## TASK DATA:
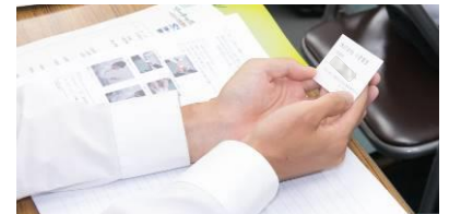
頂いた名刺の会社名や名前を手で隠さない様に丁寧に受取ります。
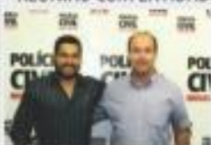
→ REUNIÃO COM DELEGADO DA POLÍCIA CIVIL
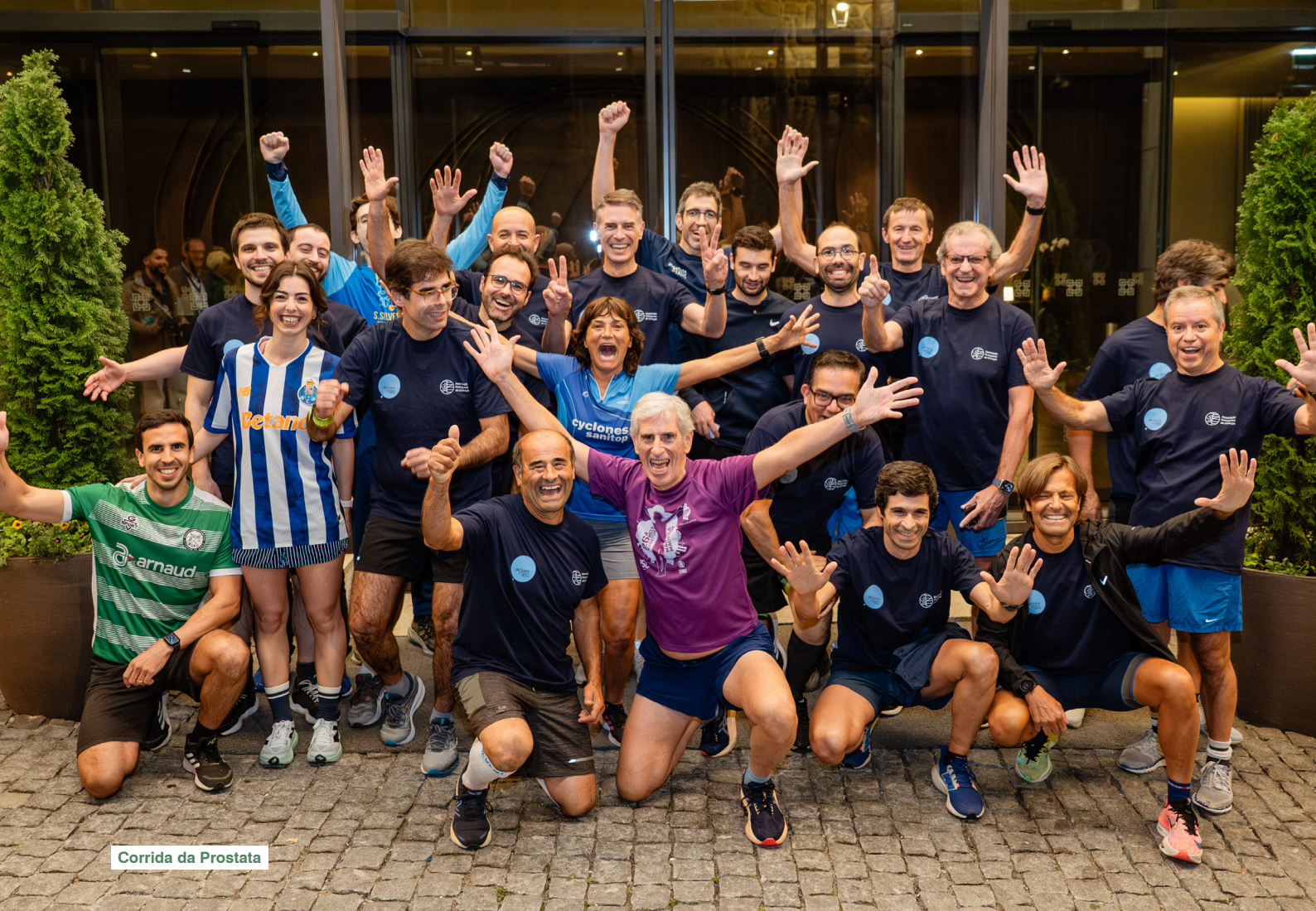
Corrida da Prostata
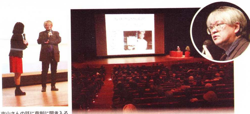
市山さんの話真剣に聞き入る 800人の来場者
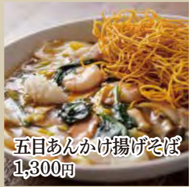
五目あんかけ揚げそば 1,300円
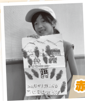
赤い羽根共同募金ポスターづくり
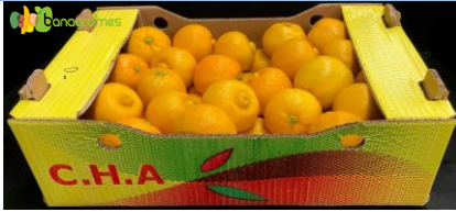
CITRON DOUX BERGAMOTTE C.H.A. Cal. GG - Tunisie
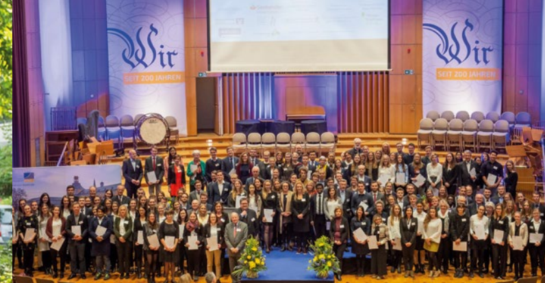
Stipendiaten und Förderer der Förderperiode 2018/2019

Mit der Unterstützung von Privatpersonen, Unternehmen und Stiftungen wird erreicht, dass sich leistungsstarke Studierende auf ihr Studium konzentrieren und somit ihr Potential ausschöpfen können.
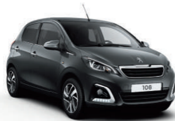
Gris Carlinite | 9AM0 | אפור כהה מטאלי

==

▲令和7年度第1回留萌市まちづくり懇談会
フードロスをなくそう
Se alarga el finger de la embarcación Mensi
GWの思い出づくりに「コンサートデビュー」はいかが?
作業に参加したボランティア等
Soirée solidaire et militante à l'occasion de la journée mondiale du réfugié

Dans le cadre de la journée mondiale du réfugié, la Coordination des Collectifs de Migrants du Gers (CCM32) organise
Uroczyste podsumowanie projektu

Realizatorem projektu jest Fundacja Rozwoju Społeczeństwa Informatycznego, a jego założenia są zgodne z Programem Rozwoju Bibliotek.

## AIM OF THE EXERCISE:
In the listing above, locate the line containing "Dans le cadre" and the line containing "Realizatorem projektu jest", then transcribe both and every line between them verbatim.

## OUTPUT:
Dans le cadre de la journée mondiale du réfugié, la Coordination des Collectifs de Migrants du Gers (CCM32) organise
Uroczyste podsumowanie projektu

Realizatorem projektu jest Fundacja Rozwoju Społeczeństwa Informatycznego, a jego założenia są zgodne z Programem Rozwoju Bibliotek.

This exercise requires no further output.